Ogni luce di interni, ogni albore del cielo, che splende durante questo film, è soffuso ed intenso. Trasmette qualcosa che però non si legge nello sguardo del protagonista, anzi è in aperto conflitto con la sua solitudine e la suo viso spento alla ricerca di qualcosa che lo infiammi.
La solitudine dei personaggi di Kaurismaki in passato mi ha quasi irritato ma qui questa condizione umana si sublima, e proprio nel contrasto con il colore accesso della pellicola, che sembra ricordarci il nostro bisogno di calore, si fa lirica e si rimane come incantati ad ogni scena.
Koisiten, il protagonista, fa una vita comune ed un lavoro comune, che lui soffre in quanto tale, come guardia di una gioelleria. Quando un'avvenente bionda lo avvicina, lui si sente toccato da una possibilità di riscatto da quel mondo e dal quel colore che neanche nella pellicola sembra toccarlo, e se ne innamora silenziosamente ed in "bianco e nero". In effetti lei trama alle suo spalle per conto di un bandito, e rappresenta un colore che tuttavia è tanto triste quanto non comune è il suo mestiere: una via di mezzo fra la prostituta, la truffatrice e la sguattera.

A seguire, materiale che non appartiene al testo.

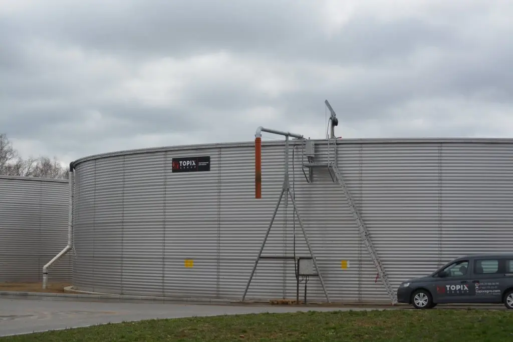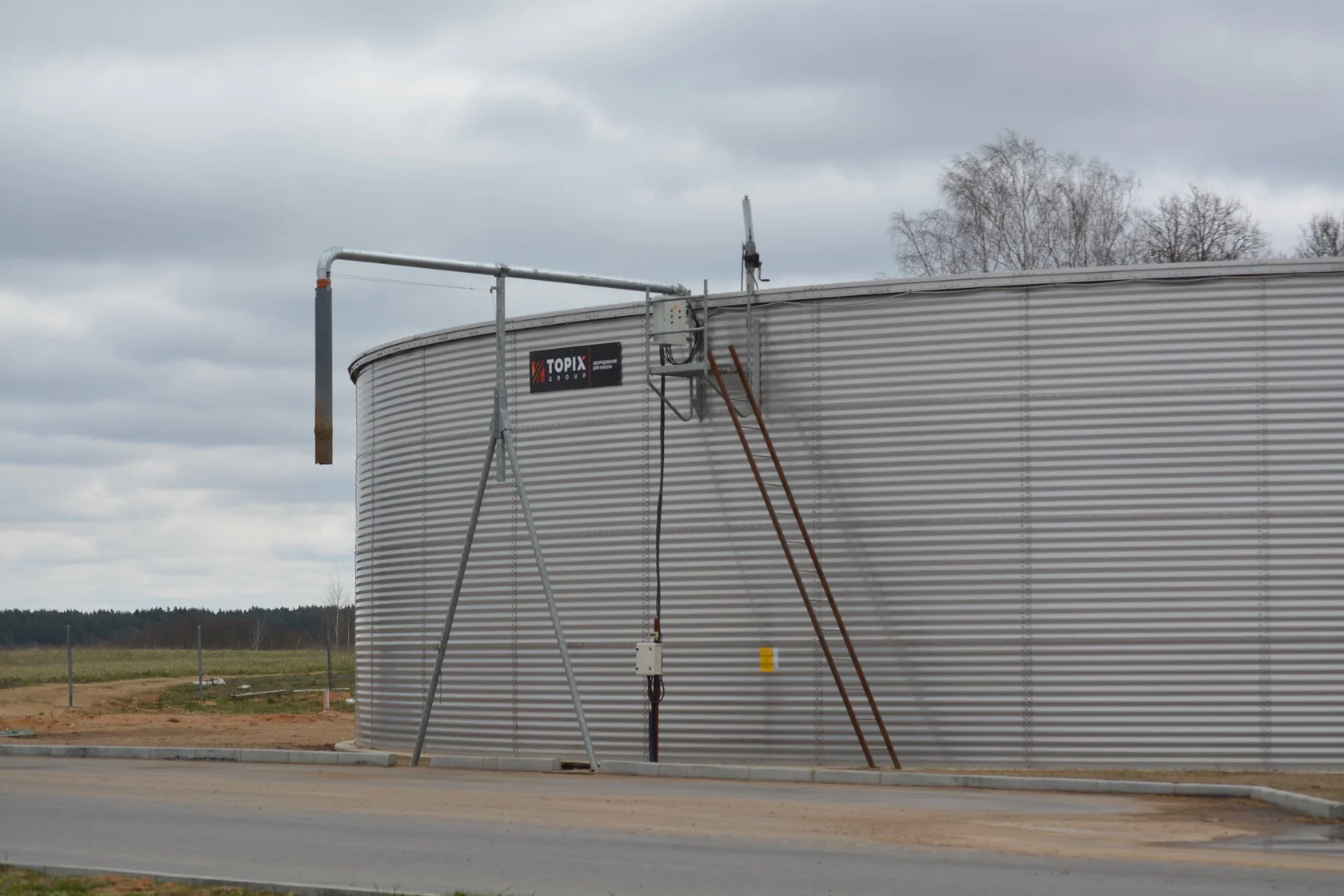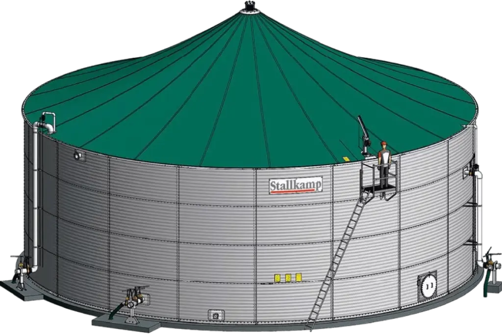 Наши емкости можно использовать для жидкого навоза, а также в биогазовых установках и установках для очистки сточных вод. Применение современных материалов делает конструкцию емкости очень надежной. Профили по периметру обеспечивают жесткость системы, что позволяет достичь больших объемов.Емкость имеет сегментную конструкцию и собирается из усиленных профилем листов стали на простом бетонном основании. Листы соединяются в местах горизонтальных стыков и свинчиваются с U-образным профилем винтами и подкладными шайбами из НЖ-стали. Стенка емкости соединяется с железобетонным фундаментом по периметру при помощи уголка из нержавеющей стали, который крепится посредством дюбелей из НЖ-стали. Стыки и место соединения с железобетонной плитой уплотняются специальным герметиком, устойчивым к воздействию жидкого навоза и сточных вод.
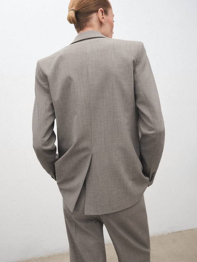 Этот однобортный пиджак производит впечатление, привнося в ваш гардероб четкие полоски и гибкость. Его элегантный V-образный вырез и аккуратная застежка на пуговицы подойдут для повседневной носки, будь то проведение встреч или участие в торжественных мероприятиях.
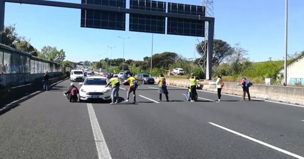Gli attivisti di Ultima Generazione bloccano il Gra a Roma

Eppure anche lei è indifferente al bainco e nero di Koisiten e al suo tentativo cieco di difenderla e giustificarla, anche di fronte all'evidenza del suo doppio gioco. Niente riesce a separarla dal suo mondo, si ha sempre la sensazione che prima o poi decida di ribellarsi a quella che poi è una prigione uguale a quella del povero ed illuso innamorato, ma a colori. Inutile il tempo passa, e man mano un altra figura femminile, sotto la luce dell'insegna del suo camioncino per panini, cominicia ad apparire e a mostrare la sua gentilezza in un crescendo dolce come la speranza.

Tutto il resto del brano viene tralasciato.